- **Exercise instructions**
What are the lines from the one with "Удобная черная футболка." through the end of the records below, written out exactly and without the pictures?

Collection entries

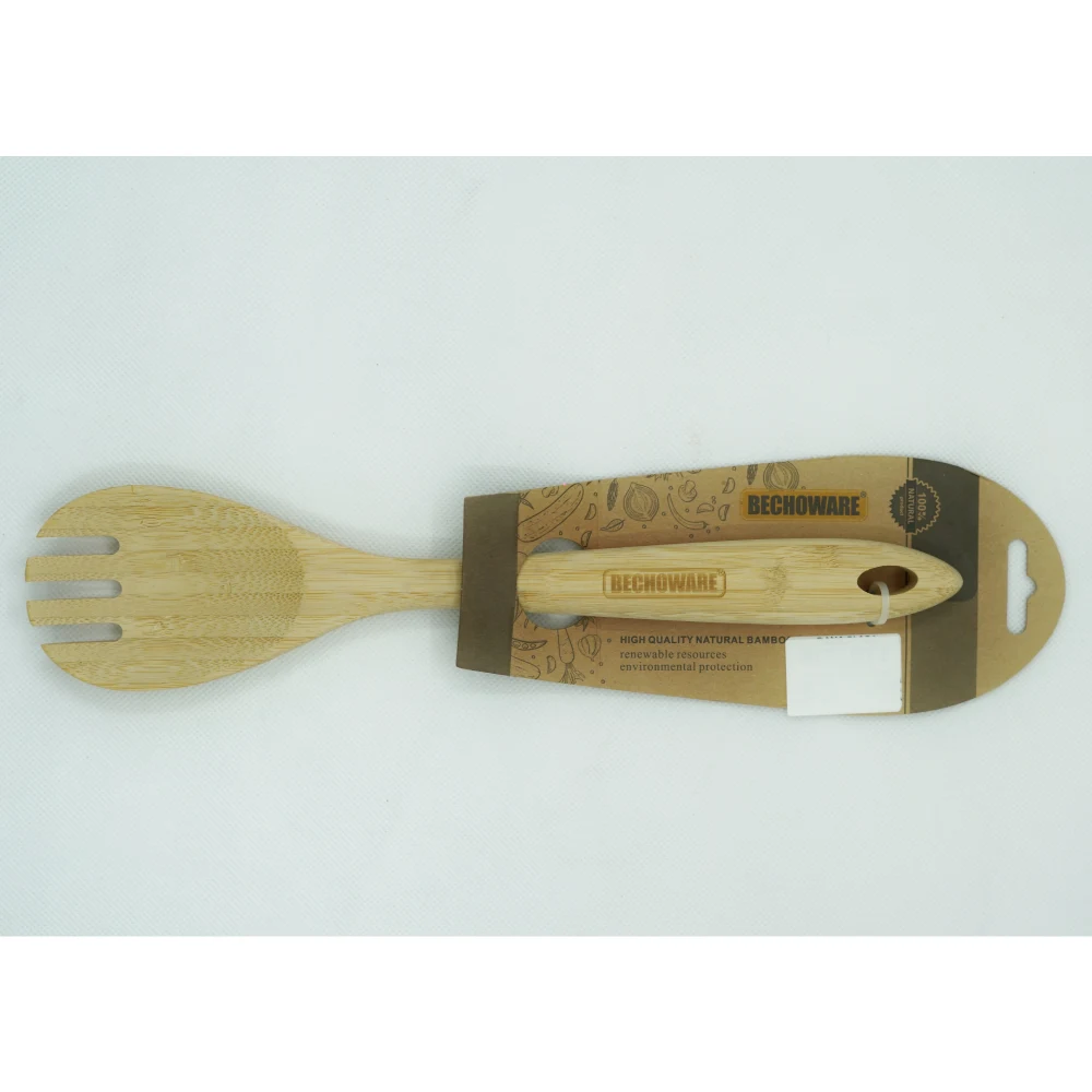 BECHOWARE BAMBOO SERVING FORK SPOON The Bechoware bamboo serving fork spoon is a versatile kitchen tool perfect for serving a variety of dishes. Made from eco-friendly bamboo, it combines durability with a lightweight design, making it easy to handle. The forked end is great for lifting and serving items like salads, pasta, or grilled vegetables, while the spoon end is perfect for scooping. Its natural finish adds a touch of elegance to your table setting, and the bamboo material is gentle on cookware, making it suitable for non-stick surfaces. This serving fork spoon is a stylish and practical addition to any kitchen or dining experience.
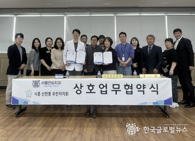 (한국글로벌뉴스 - 박소연 기자) 시흥시 신천동 주민자치회는 지난 3월 25일 신천동 행정복지센터에서 서울안심치과와 신천동 주민의 건강 증진과 의료복지 향상을 위한 업무협약을 체결했다.
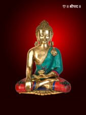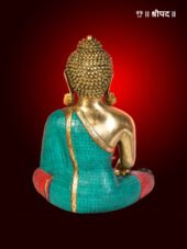 The 19-inch Tibetan Buddhist Lord Buddha in Earth Touching Gesture is a magnificent brass statue that beautifully captures the moment of Buddha’s enlightenment. This exquisite statue depicts the Buddha seated in the classic lotus position, with his right hand gently touching the earth, symbolizing his call to the Earth as witness to his victory over temptation and his attainment of enlightenment. The intricate brass craftsmanship is complemented by delicate inlay work, adding an element of sophistication and detail to the statue. The serene expression on Buddha’s face, combined with the peaceful posture and graceful hand gesture, embodies the core teachings of compassion, wisdom, and spiritual awakening. The rich brass finish, enhanced by the stone inlays, creates a radiant glow, symbolizing the Buddha’s divine presence. This statue is perfect for meditation spaces, altars, or as a decorative piece in any spiritual setting, radiating tranquility and a deep sense of calm, inviting positive energy and enlightenment into the surroundings.
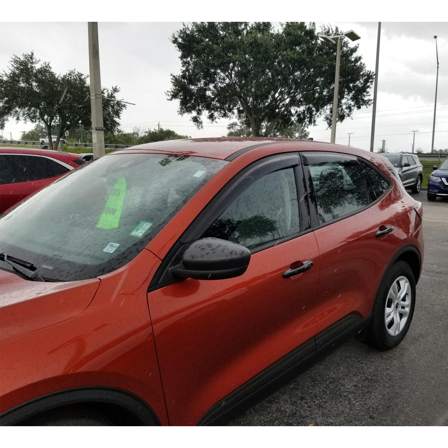 These window vent visors are designed for Ford Escape models from 2020-2021. The low-profile design complements your vehicle's styling while providing functional benefits. Installation is straightforward with the included tape-on mounting system—no drilling required.
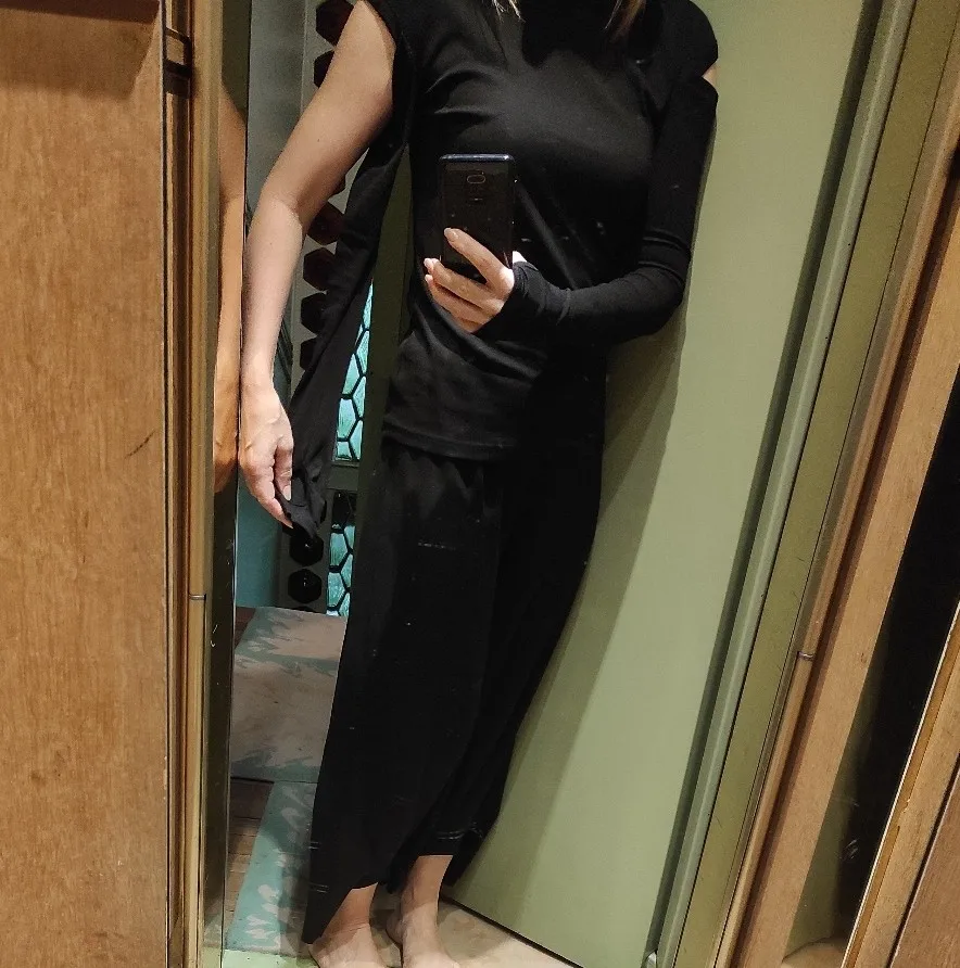 Удобная черная футболка. Очень понравился дизайн : он позволяет убрать рукава, когда жарко, повязав их за спиной или на груди. Качество фабричное, в составе доминирует хлопок, но с этикеткой на все 100 я не соглашусь : ткань хорошо тянется и есть характерный, для синтетики блеск. На рост 167 см, 57 кг, ог 87, плечи 41 см, я взяла L. Футболка подошла отлично. Обратите внимание на узкие рукава, мне они подошли. Заказом довольно - доставка быстрая, все супер.
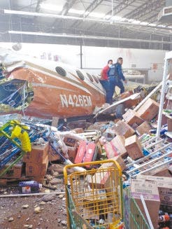 Temixco, MORELOS.- Tres muertos, cinco lesionados y miles de pesos en daños fue el saldo que dejó el desplome de una avioneta sobre la tienda Bodega Aurrera de la colonia Azteca, en Temixco.

- **Written solution**
 Удобная черная футболка. Очень понравился дизайн : он позволяет убрать рукава, когда жарко, повязав их за спиной или на груди. Качество фабричное, в составе доминирует хлопок, но с этикеткой на все 100 я не соглашусь : ткань хорошо тянется и есть характерный, для синтетики блеск. На рост 167 см, 57 кг, ог 87, плечи 41 см, я взяла L. Футболка подошла отлично. Обратите внимание на узкие рукава, мне они подошли. Заказом довольно - доставка быстрая, все супер.
 Temixco, MORELOS.- Tres muertos, cinco lesionados y miles de pesos en daños fue el saldo que dejó el desplome de una avioneta sobre la tienda Bodega Aurrera de la colonia Azteca, en Temixco.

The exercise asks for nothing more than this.